Data as a Digital Specimen

Technology Policy Science & Innovation

Data as a Digital Specimen

Posted on: 22nd July 2021
By Multiple Authors
Martin Carkett
Policy Lead, Science & Innovation Unit
Jennifer LaFreniere
Project Manager, Stanford Healthcare Innovation Lab
Alexander Honkala
Immunologist and Researcher, Stanford Healthcare Innovation Lab
Benjamin Rolnik
Director, Stanford Healthcare Innovation Lab
Benedict Macon-Cooney
Deputy Executive Director, Technology and Public Policy
Henry Fingerhut
Senior Policy Analyst, Science & Innovation unit

    Executive Summary

    Executive Summary

    Throughout history, innovation has been born of information. Today, the technological revolution has given us the ability to access more information than ever before, including unprecedented insights into biomedical data at both the personal and population level. This has profound implications for health and offers the potential to create new systems that can provide world-class precision health for all. 

    However, access to data in itself isn’t sufficient to drive innovation and realise the benefits of this new age of information. Instead, we must take a more comprehensive, systematic and global approach to the generation, distribution and utilisation of data, including who generates it, for whom and for what purpose. This approach must promote the development of new, urgently needed data sets for patient populations both large and small while also fostering modern industrial policy to create new markets, develop improved privacy controls and support equitable health-care delivery. 

    The Tony Blair Institute and the Stanford Healthcare Innovation Lab have a shared vision to transform personal and global health in the 21st century. In this paper – the first in a series – we set out the key areas we believe policymakers, researchers, practitioners and private industry should jointly focus on in order to make this vision a reality. We also seek to identify a network of like-minded individuals and institutions who can help develop and deliver the systems-focused data, funding and policy structures needed to achieve precision health for all.

    In Search of Magic Bullets

    In Search of Magic Bullets

    A little more than a century ago, the German Nobel Laureate Paul Ehrlich laid some of the foundational blocks of modern medicine. Searching for “magic bullets” in the belief that drugs could be developed to target specific diseases, he discovered that arsenic compounds could be used to treat patients with syphilis, leading to the world’s first man-made antibiotic: Salvarsan.

    Ehrlich made his discovery open and accessible by sending 65,000 free samples to doctors all over the world. His systematic, data-driven and collaborative approach paved the way for profound progress in the development of new drugs to treat myriad ailments that had plagued nations for centuries. 

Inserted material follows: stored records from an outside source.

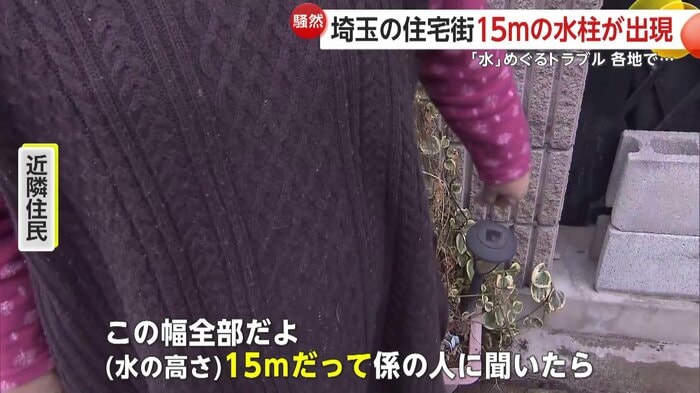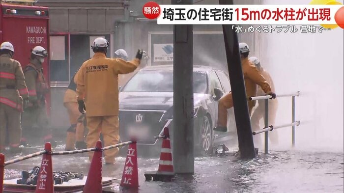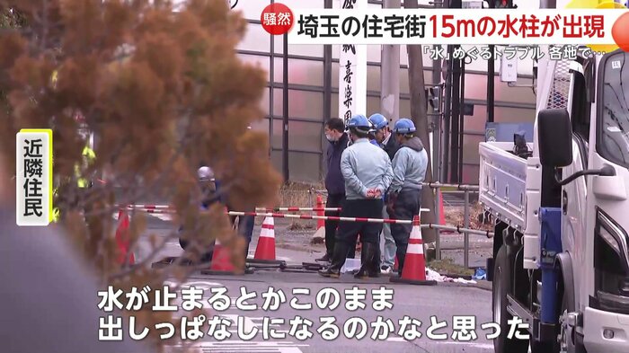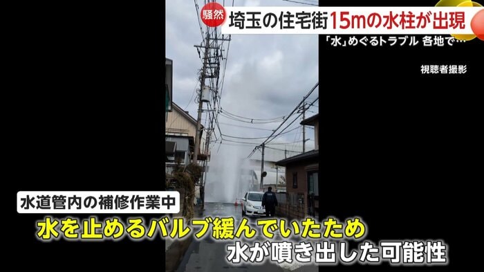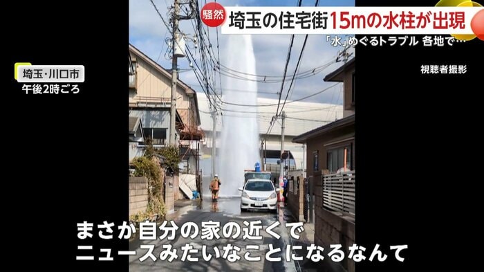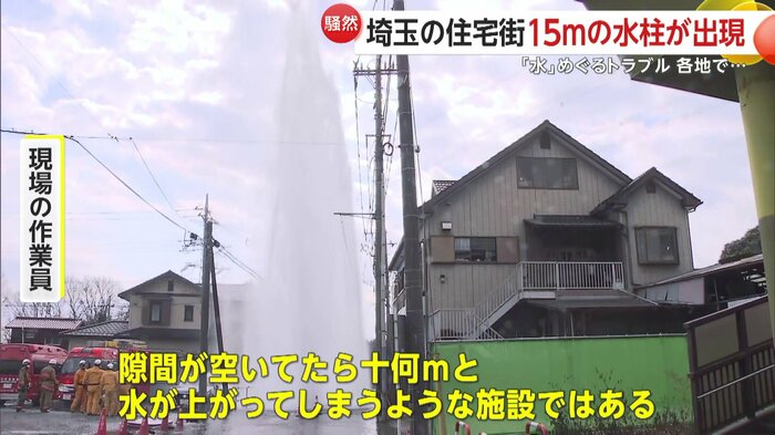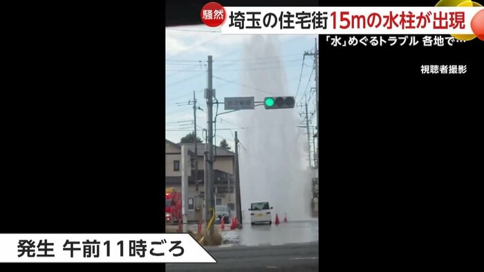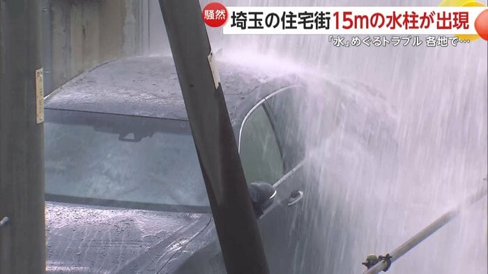 水柱の高さは、電柱や民家の屋根を超えるほど…埼玉県でマンホールから水が噴き出すトラブルがあった。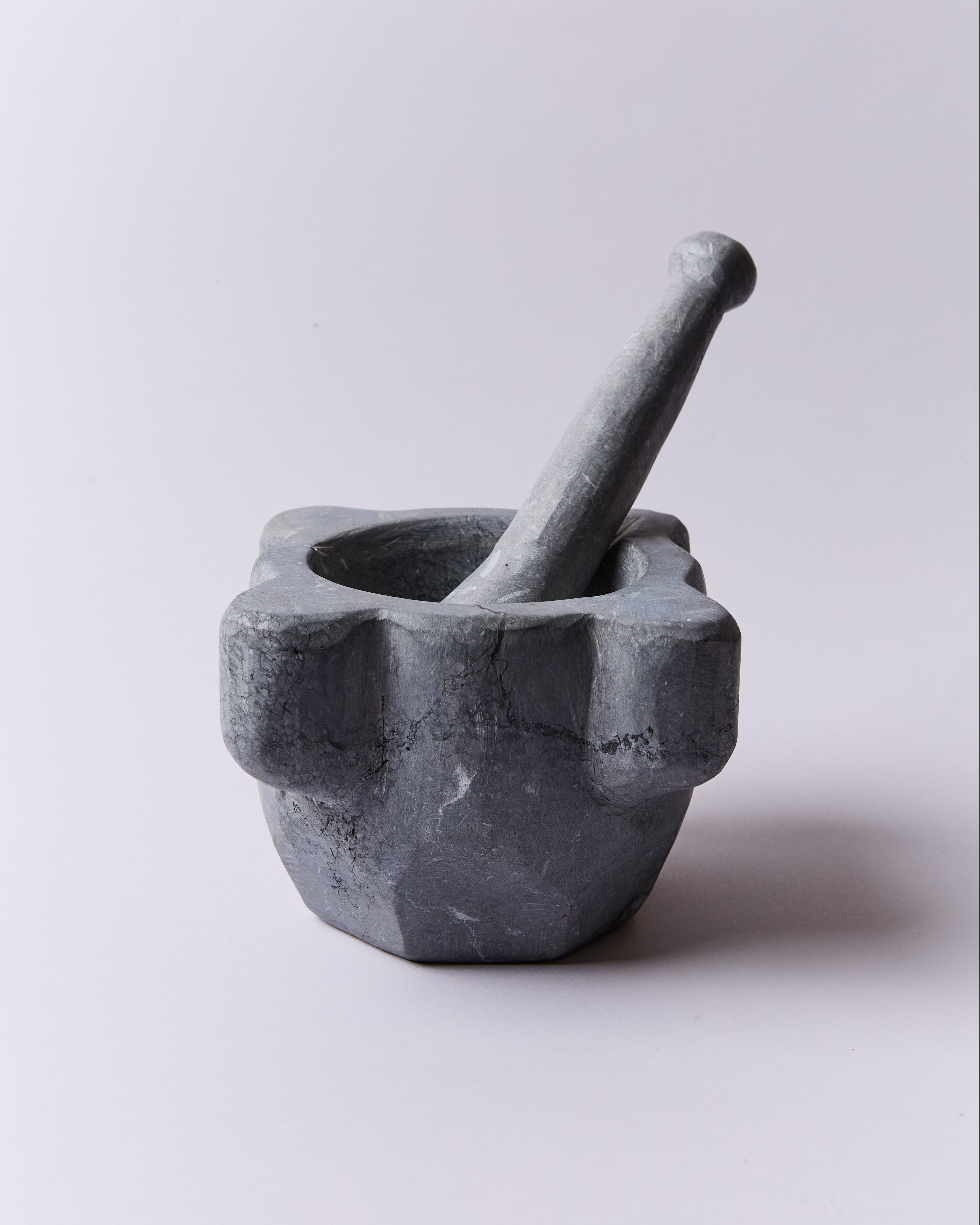 Hand-chiseled in Italy from Carrara marble, each mortar and pestle set is distinct. Ideal for blending herbs and spices, aioli and pesto. For more information or to select a specific piece please email vitainfo@ilbuco.com or call 917-261-2248. Approximate Dimensions (15cm diam x 13cm height)
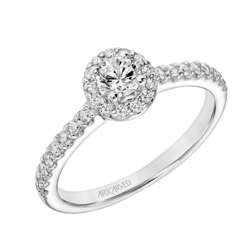 Artcarved Bridal Mounted Mined Live Center Classic One Love Halo Engagement Ring Layla 18K White Gold - 31-V324ARW-E.02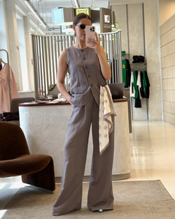 Брюки палаццо с классической посадкой на талии и диагональными карманами. Выполнены из смесового льна с добавлением тенсела. Изделие полной длины с аккуратными защипами по линии талии, которые играют в пользу любой фигуры. Брюки застегиваются на потайную пуговицу, крючок и молнию. В комплект можно выбрать удлиненный жилет из такой же ткани.

    Today, as we look for ammunition in the battle against Covid-19, our most potent weapon has, in many ways, been data. Rapid advances in genomic sequencing technologies over the past two decades meant the genetic code of the SARS-CoV-2 coronavirus could be sequenced just days after the first Covid-19 cases were reported. This data was made available on open-access databases such as GenBank and GISAID by 6 January 2020, and within days the first vaccines were already under development, as were thousands of studies on how the disease works and how to defeat it. Journals and data repositories have been overwhelmed with new submissions as scientists and doctors around the world have marshalled their resources, organised critical clinical studies and set up reagent drives to increase testing capacity.

    However, this rapid progress has been unevenly distributed and many nations face unprecedented struggles in providing access to testing and vaccination, organising large data sets and maintaining normal non-Covid-19 clinical functions. Medicine now stands on a precipice: can we overcome the inertia of data-set creation, fragile supply chains and under-resourced inequitable health-care systems to deliver these new developments in medicine to the global populations that need them most? As we look to the future, how do we reimagine global health and the systems to support it? At the heart of this mission lies data, technology and patients.

    Collected and harnessed at scale, data offers the ability to transform the health of our society. At a global level, multi-omics research, which extends biological characterisation across multiple dimensions beyond genomics, offers the opportunity to greatly improve our functional understanding of how disease and health develop or degrade. These data sets, coupled with a growing ability to analyse them at scale through AI and machine learning, can greatly accelerate our efforts to alleviate disease and suffering while preserving health and health span. 

    Meanwhile, at the individual level, the vast amounts of data now available through wearable fitness technologies can provide unprecedented insights into our personal health and daily routines on a continuous streaming basis. Top athletes including Patrick Mahomes, Rory McIlory and LeBron James all use them – and in the coming decade, as the cost comes down and the utility increases, more and more of us will look to smart devices for signs of progress or deterioration, providing greater autonomy over our own health and helping establish the basis for truly personalised precision medicine.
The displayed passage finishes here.